Chaque mot me frôle. Douce et tendre déambulation où l'on cueille les promesses d'une espérance à l'envi.

Chaque strophe est une délicate attention offerte au regard, au coeur, à l'âme...de la poésie qui me comble !

Puiser ce qui s'offre, alléger ce temps qui passe, aller dans le frémissement de tout ce qui s'offre pour mieux accepter la nuit...

Il y a dans ce poème des images très inspirantes, bucoliques...
chaque pas dépose un grain de mémoire, laisser le temps se consumer vers d'autres nuages, le crépuscule déploie son voile de suie (pour ne citer que celles-ci).

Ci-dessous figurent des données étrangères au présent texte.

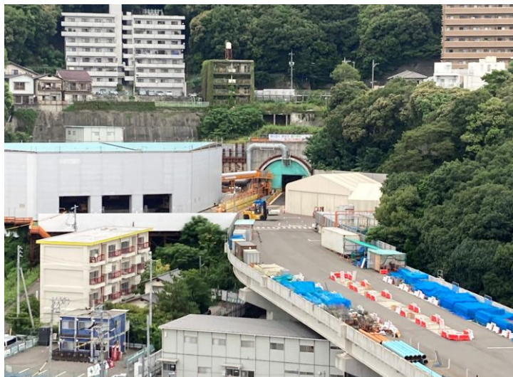
① 高速 5 号線シールドトンネル掘削他工事
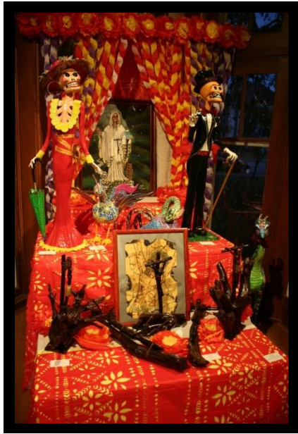
Adan Utrera, Altar , 2012
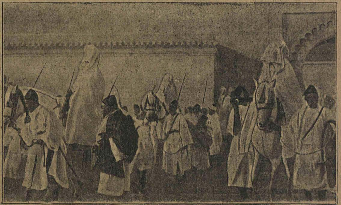
Sułtan marokański urządził jednocześnie — podobno ze względów oszczędnościowych — wesela swoim trzem synom. Na zdjęciu widzimy delegację plemion marokańskich, wiozące podarunki ślubne.

Drobne, ścisłe do czaski przylegające ucho mają ludzie wstydliwi, bojaźliwi.
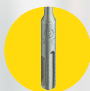
ENGATE SDS PLUS
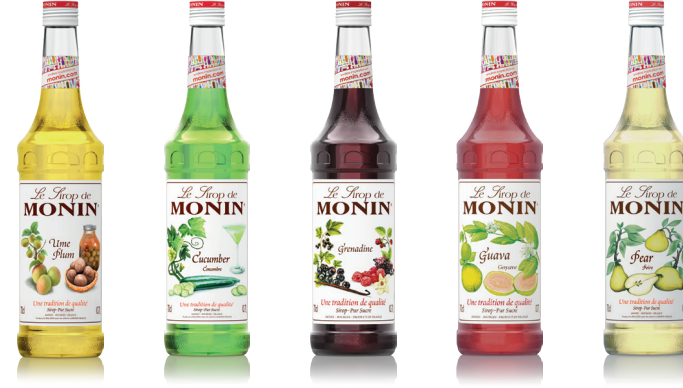
Ume Plum 플럼 플로럴하고 달콤한 플럼의 맛과 향 New Cucumber 큐컴버 시원하고 상쾌한 오이의 향 Grenadine 그레나딘 선명한 붉은 컬러가 특징인 믹스베리의 맛 Guava 구아바 이국적이고 풍부한 열대의 맛 Pear 배 서양배의 향긋함
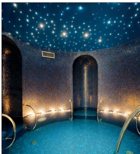
Sergio Bizzarro, Spa Hotel Belvedere, 2010 (ceramiche ceramics Floor-gres Globestone brown e and grey, mosaici mosaics Vetricolor e and Gemme di by Bisazza accessori accessories Inda e Colombo Design)
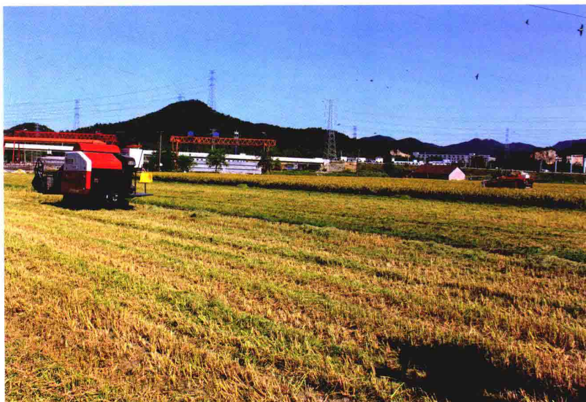
种粮大户正在收割晚稻
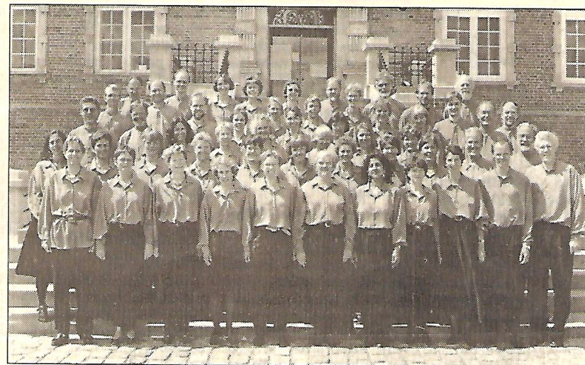
Det 65 personer store kor fra Svendborg synger Vivaldi i Faaborg og Svendborg.

Vivaldis 'Gloria' bliver hovedværket ved Septimus-korets to forårskoncerter, hvor repertoire desuden består af tre danske sange og udvalgte satser fra Stabat Mater af Perculesi.
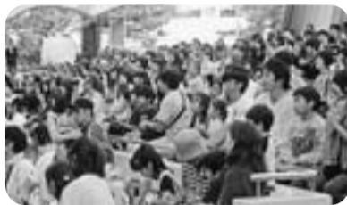
500人の参加者でにぎわう

今回は昨年と比べると、抽選会の商品の当選本数を増やすなど、たくさんの方の参加に喜んでもらえるよう、準備をしてみました。後日、参加した組合員さんから、3等の商品が当たり、ステージで賞品がもらえたことのお礼や、園内クイズの問題が難しかったこと、今回のイベントに限らず、支部の開催する今後のイベントについての問い合わせなど、多くの感想や意見を聞くことが出来ました。 葛飾支部では今回のデイズニールイベントに限らず、様々なイベントを行っていますので、お気軽に問い合わせしてください。
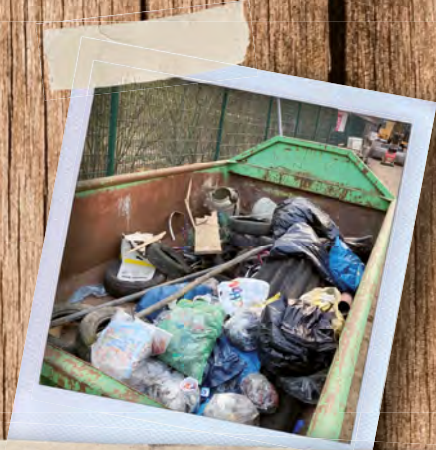
SAUBERES HALVER – CORONA EDITION 2. AUFLAGE: DAS TEAM PETRA BUCH (MIT GESAMMELTEM MULL) UND SABINE SCHWARZER (AN DER KAMERA)
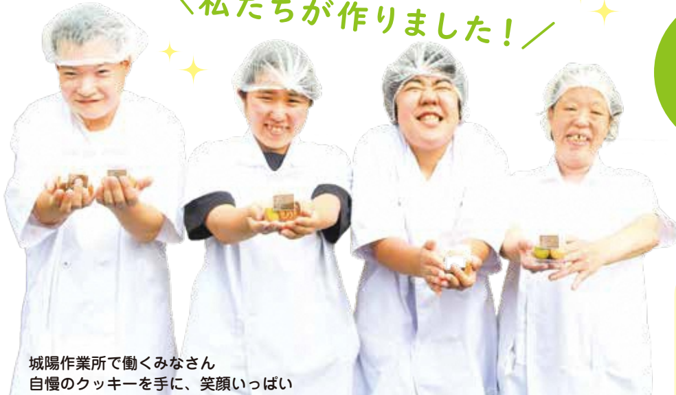
城陽作業所で働くみなさん 自慢のクッキーを手に、笑顔いっぱい

市内にある障がい者就労施設などでは、日々、障がいのある人たちが、製品の製造や販売などをされています。障がい者のみなさんが作られた製品を手に取り、購入することで、作り手であるみなさんの工賃アップにつながり、「自立」や「社会参加」という「生きがい」にもつながります。
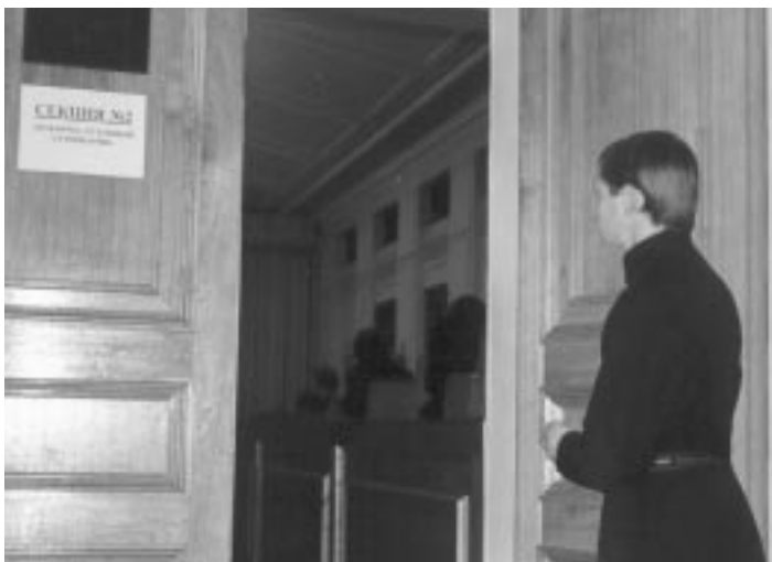
Духовное образование: начало пути

По окончании заседания была организована пресс-конференция, на которой выступавшие ответили на вопросы аудитории. Более подробную информацию (доклады участников) можно найти на портале Учебного комитета ( http://www.bogoslov.ru ).
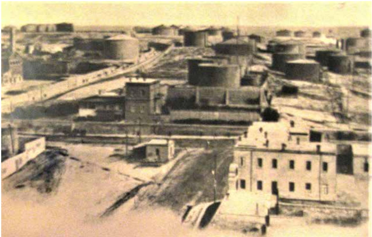
Керосиновые резервуары в "Черном городе" Баку

С целью дальнейшего укрепления контроля над республиками Южного Кавказа большевистское руководство РСФСР поставило задачу объединить их под видом добровольного союза. Еще до советизации Армению и Грузию Россия заключила с советским руководством Азербайджана ряд договоров, предусматривавших слияние различных сфер политической и экономической жизни двух государств. Таким образом, Азербайджан терял и без того урезанную самостоятельность во многих областях, в том числе экономиче-
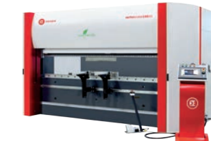
DENER SERVOBRAKE 100/30 6-Achsen Elektrische Abkantpresse
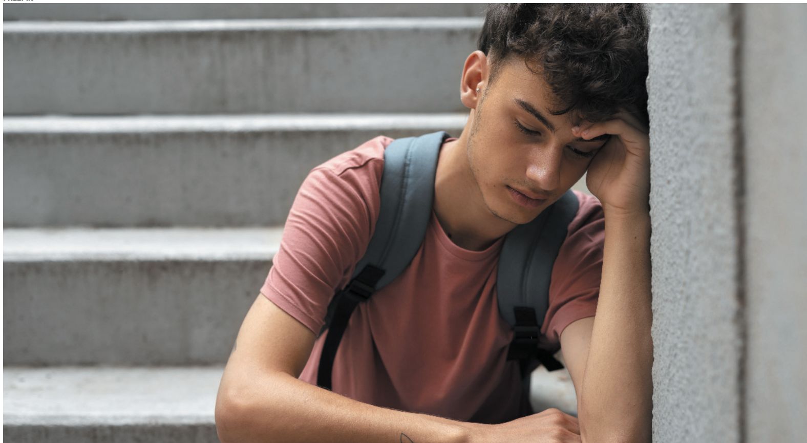
Taxas de suicídio crescem no Brasil, afetando principalmente homens jovens dos centros urbanos

de mortalidade entre os grupos investigados.
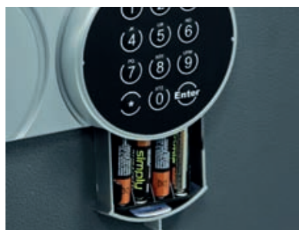
Portapilas alojado en el exterior bajo el teclado.
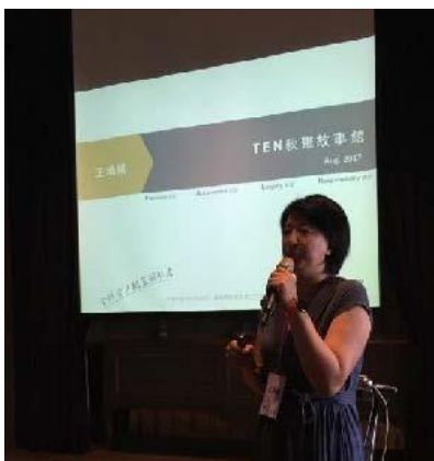
▲2015 年秋聚故事館分享

學姊說 TEN 給他的感覺就像山服社一樣，不管是參加 TEN，或是山服社，都是彼此互相提攜，像山服社，自己爬山是難免的，也需要知道如何野炊等技巧，不管自己動作笨拙還是不懂生火，只要願意學，在團體中有所貢獻，就能獲得更多。其中學姊對 TEN 的學長姐特別感佩，明明在各自領域已經擁有非常崇高的成就，但還是保有非常謙虛誠懇的求知慾，賈伯斯說的「Stay foolish, stay hungry」，在 TEN 的活動與學長姊身上有非常明顯
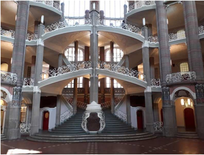
Die Steigung der Stufen beträgt 16 cm, das 1. Stockwerk hat 32 Stufen, das 2. Stockwerk 30 Stufen, nach 14 Stufen befindet sich ein Podest

großräumiger Eindruck erzielt. Die Treppen sollen hier die Würde des Gerichtes unterstreichen und die in ihm zum Ausdruck gebrachte Macht des Staates demonstrieren. Sie sind imposant durch die in überquellenden Formen sich entladende Phantasie und durch die kunstvolle Führung der Aufgänge. Schmalz ist es hier gelungen, was in dem von ihm als vorbildlich empfundenen Barock nur selten versucht worden ist: die Repräsentanz einer Haupttreppe auf mehrere Geschosse gleichmäßig zu verteilen.
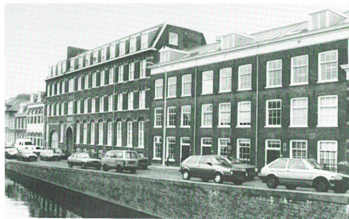
Den Haag - meubelfabriek Pander aan het Buitenvorm.

Het boek beschrijft het industriële verleden van het gebied rond de singelgrachten. Het boek bewijst eens te meer dat Den Haag ten onrechte vaak alleen met het politieke bedrijf en de ambtenarij wordt geassocieerd. Nijverheid en industrie speelden ook in de residentie een cruciale rol in de ontwikkeling van de stad. Dit onderbelichte aspect van de lokale historie is uiterst levendig beschreven.
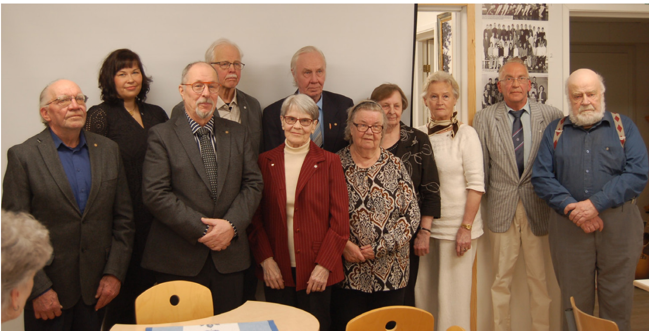
Soini-seuran vuosijuhlissa jaettiin ansiomerkkejä kotiseututyössä ansioituneille. Kaikki merkinsaajat eivät olleet päässeet mukaan juhlaan.

Tämä oli seuralle erittäin raskas urakka ja hommasta
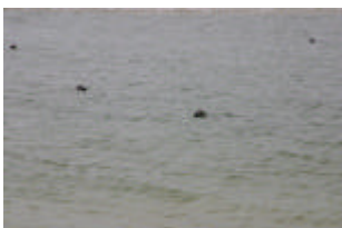
Zeehonden kijken op de Vliehors: tientallen kwamen nieuwsgierig naar de plek waar de truck stopte
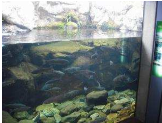
エスカレーターで下ると、那珂川の上流から下流の魚たち
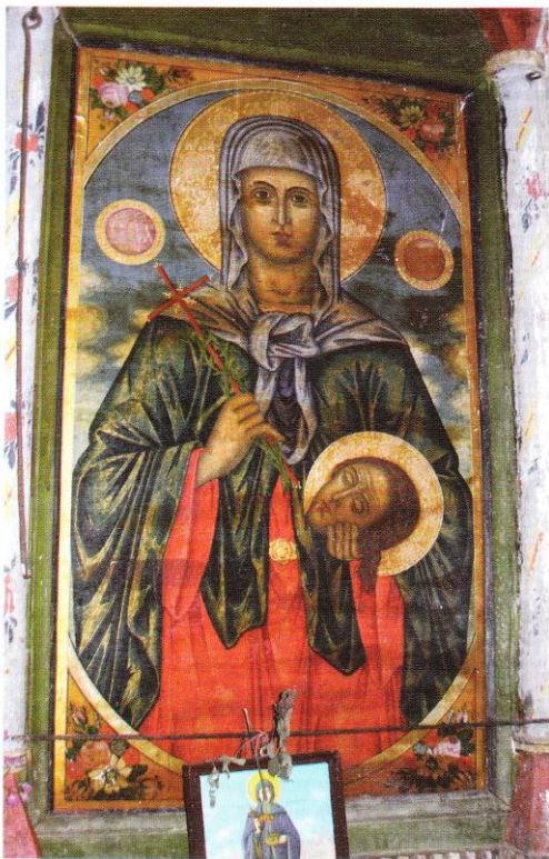
Храм „Св. Георги“, икона на св. Петка Church of St. George, icon of St. Paraskeva

една хармонична пропорция, композициите му са доста претрупани и недобре организирани. Резбата може да бъде определена като доста груба, но ярките цветове ѝ придават една колоритна неповторимост. Царските двери са резбовани с шест традиционни полета, изпълнени с изображения на св. Богородица и архангел Гавриил от сцената Благовещение. В другите четири полета са разположени великите отци на църквата св. Атанасий Александрийски, св. Григорий Богослов, св. Йоан Златоуст и св. Василий Велики. Резбата е доста плоскостна. Основният декоративен мотив е акантовият лист, който запълва пространствата между отделните живописни полета. Листата на аканта излизат от два орела, кашнали върху арките, както и от зъбестите уста на двата змея, разположени в горната част на вратите. Опашките на змейовете завършват с птичи глави. Архиерейският трон, проскинитарият, амвонът и киворият на Светата трапеза са резбовани и имат полихромна украса. Цветовете имат същия характер като иконостаса. Лъвовете в подножието на трона са изобразени само с главите си, които наподобяват по-скоро гущери и имат поразително сходство с някои живописни изображения от откритата галерия, както споменах по-горе в текста. Резбарите, изпълнили иконостаса, св. Трапеза и архиерейския трон, също остават неизвестни. Надявам се, че след въвеждането в научно обръщение на този па-
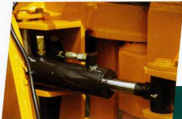
Botella de giro FB65GP
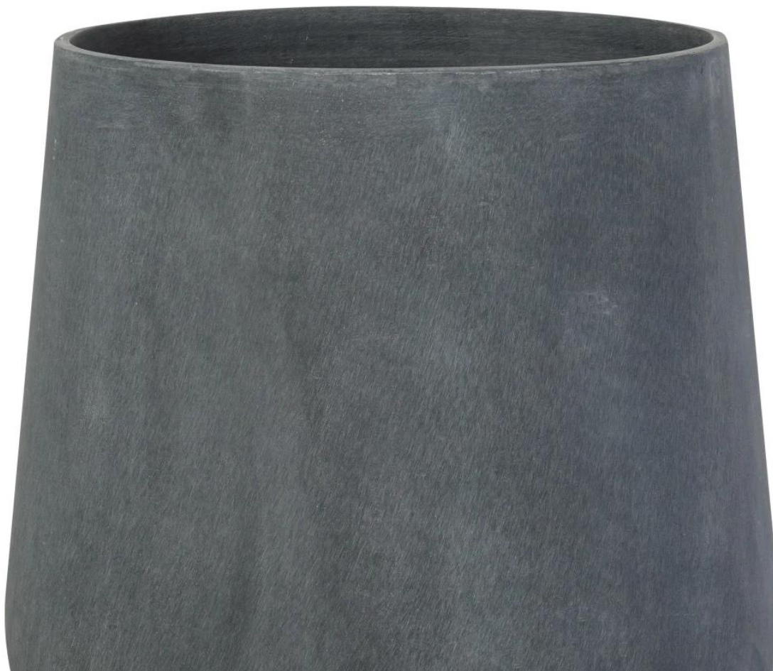
Powierzchnia donicy SQ50 w kolorze grafitowy beton przypomina beton architektoniczny.
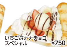
いちごバナナチョコ スペシャル ¥750
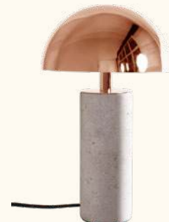
ADEI L table lamp
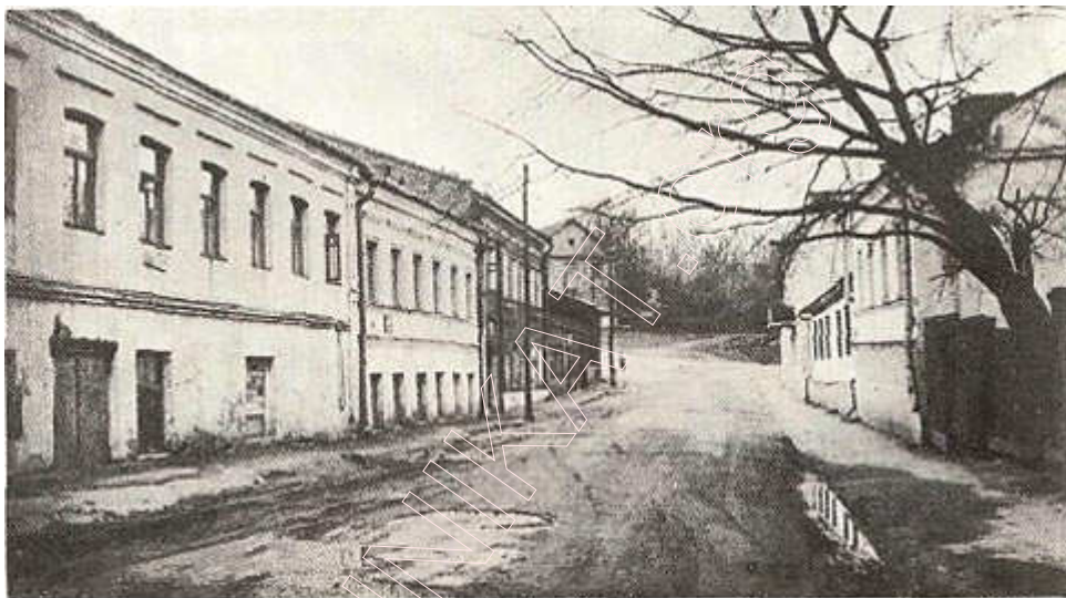
Самая старая вуліца ў Мінску – Замкавая. Фота 1983 г.

вуліца прадаўжалася і за валам аж да перасячэння з Вялікай татарскай. Зараз яшчэ захавалася частка завальнай яе трасы, што прымыкае да вуліцы Дзімітрава. Тут захаваліся і пабудовы XVIII — XIX стст. З паўднёвага захаду Замчышча агінала вуліца Завальная; з паўночнага захаду — Завальны завулак. Вуліцы гэтыя цяпер ужо не існуюць.
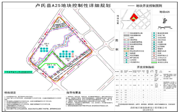
建设项目与控规关系图

说明 项目名称：卢氏县莘城中心养老院建设项目 项目位置：西苑路与洛北大渠交叉口东北角 总规用地性质：社会福利设施用地 控规用地性质：社会福利设施用地 用地规模：总用地面积为1.3530公顷 其中：建设用地面积：1.3530公顷
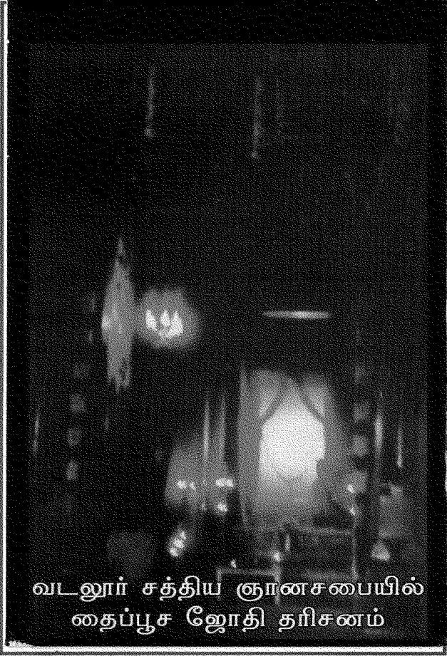
வடலூர் சத்திய ஞானசபையில் தைப்பூச ஜோதி தரிசனம்
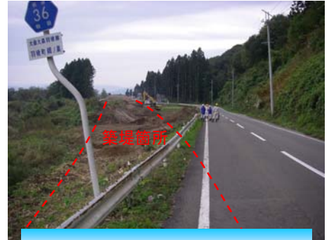
交通規制を予定している 羽後町鶴巣地内の築堤工事箇所

また、工事場所周辺地域の皆様へはご迷惑、ご不便おかけしますが、ご理解・ご協力下さるようお願いいたします。
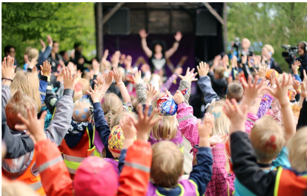
Barn på konsert på Skönabäckrocken.
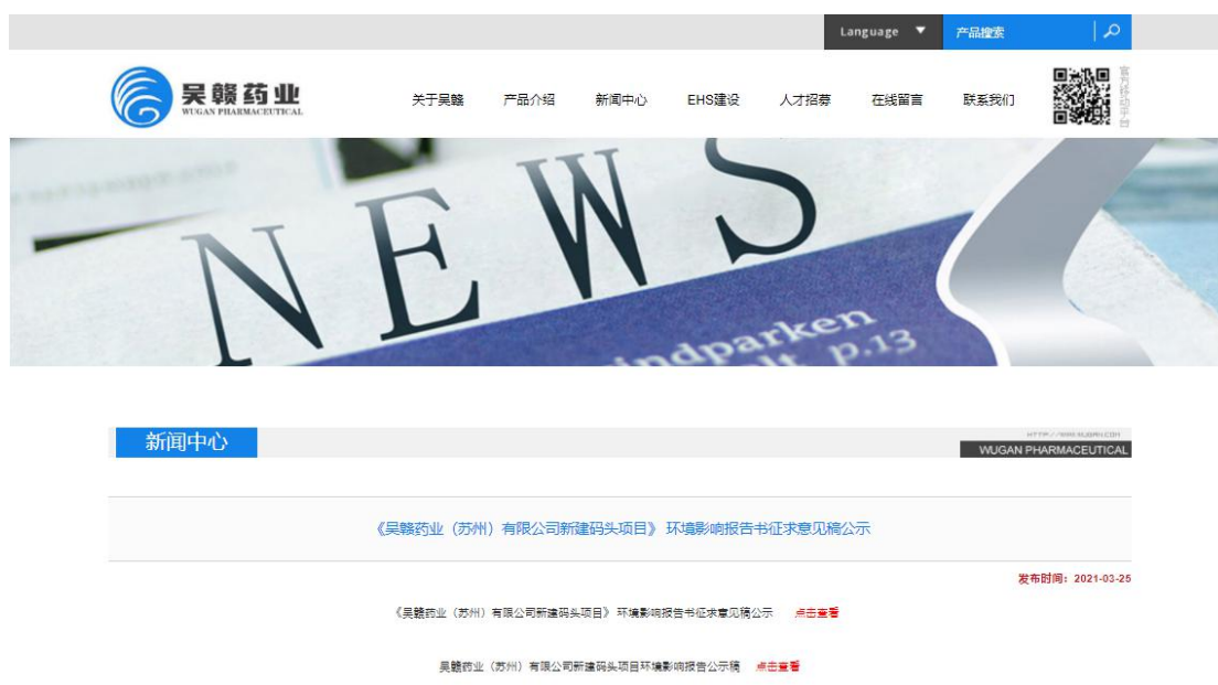
图 3-1 环评报告书征求意见稿网络公示
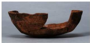
4 第36号住居跡 (第268図59)
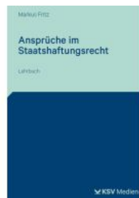
Ansprüche im Staatshaftungsrecht Ladenpreis: 40,10EUR

J'aurais aimé l'écrire ce poème.

Merci pour cette ode enchanteresse !

   Cyrill   
20/11/2023
trouve l'écriture
très aboutie
et
aime bien
Bonjour Luz
J’ai suivi avec douleur ce marcheur volontaire, forcené, semblant lutter contre le vent et les obstacles. Les paysages traversés se succèdent comme des images mentales, des représentations du sujet marchant. Le protagoniste semble aller à contre courant de l’évolution, de la civilisation jusqu’au sauvage. Jusqu’à l’eau, la soupe primordiale, la nuit.
Une autre lecture m’évoque la quête du beau par le désespoir assumé. Une recherche tenace, infatigable, d’origines peut-être fantasmées, en tout cas une aspiration à l’innocence d’un « jadis » idéalisé comme la nature perdue :
« boire au ventre des vallons ruisselant de miel
manger les racines
les feuilles les fruits ».
Une belle lecture, merci.

   papipoete   
20/11/2023
trouve l'écriture
très aboutie
et
aime beaucoup
bonjour Luz
S'en aller marcher, et collecter des images ; des sensations éprouvées ; remplir son âme de réflexions positives ; et revenir fourbu de bonne fatigue...
D'un autre quidam, entendre
- rien que de l'herbe !
- de la flotte
- des bestiaux idiots
NB or, notre auteur qui a 100% aux deux yeux, voit mais surtout sait regarder, emmagasiner tel LEIKA ces sujets naturels, et les rassemblant dans sa tête, les faire jongler telle joyeuse sarabande !
Chaque strophe, avec son préambule " marcher ", nous transporte dans un monde où se joue son propre scénario.
la 3e strophe a ma préférence ; mais toute autre retient mon attention...

   Provencao   
20/11/2023
trouve l'écriture
très aboutie
et
aime beaucoup
Bonjour Luz,

"suivre les lumières du hasard
laisser le temps se consumer vers d’autres nuages'

J'aime cette résistance à la tentation des mots, ceux qui s’empressent de saisir, de comprendre… de nourrir cette nuit.
Belle intuition de l’instant, du hasard qui donne à penser que la création du temps
se consomme vers d'autres nuages. ...

J'aime beaucoup.

Au plaisir de vous lire
Cordialement

   Vasistas   
21/11/2023
trouve l'écriture
très aboutie
et
aime beaucoup
Bon jour
J’aime tant marcher
et là sans bouger, à peine les lèvres.
Susurrer, lentement pour mieux entendre et voir.
Chaque vers se suffit presque à lui-même, comme un pas, parfois se prolonge, chaque pas est une nouvelle découverte.
Une note s’ajoute, une image, une couleur et plus on avance plus ça m’emplit, c'est sensible, sensuelle, riche.
Le dernier vers, simple et vrai : c’est la nuit, il faut s’arrêter, accepter.
Mais non, je reprends, au début, s’approcher autrement...
Je veux marcher encore…
Délicieux

   Louis   
23/11/2023
trouve l'écriture
très aboutie
et
aime beaucoup
Marcher, marcher encore…
Non pas se déplacer en voiture, dans un bus, dans un avion, qui isolent et séparent des réalités du monde, mais au plus proche d’elles.
Marcher dès l’aurore : « bien avant le souffle de la ville », avant qu’elle ne reprenne vie, avant de se laisser happer par elle.
Marcher, et tracer une ligne de fuite, qui n’est pas absence de courage, mais ligne créatrice.
Marcher sans destination précise : « suivre les lumières du hasard », mais non sans orientation : « Au-delà des bétons empilés », toujours au-delà des constructions humaines « ponts », « gares », « villages ». Ligne vagabonde d’une errance.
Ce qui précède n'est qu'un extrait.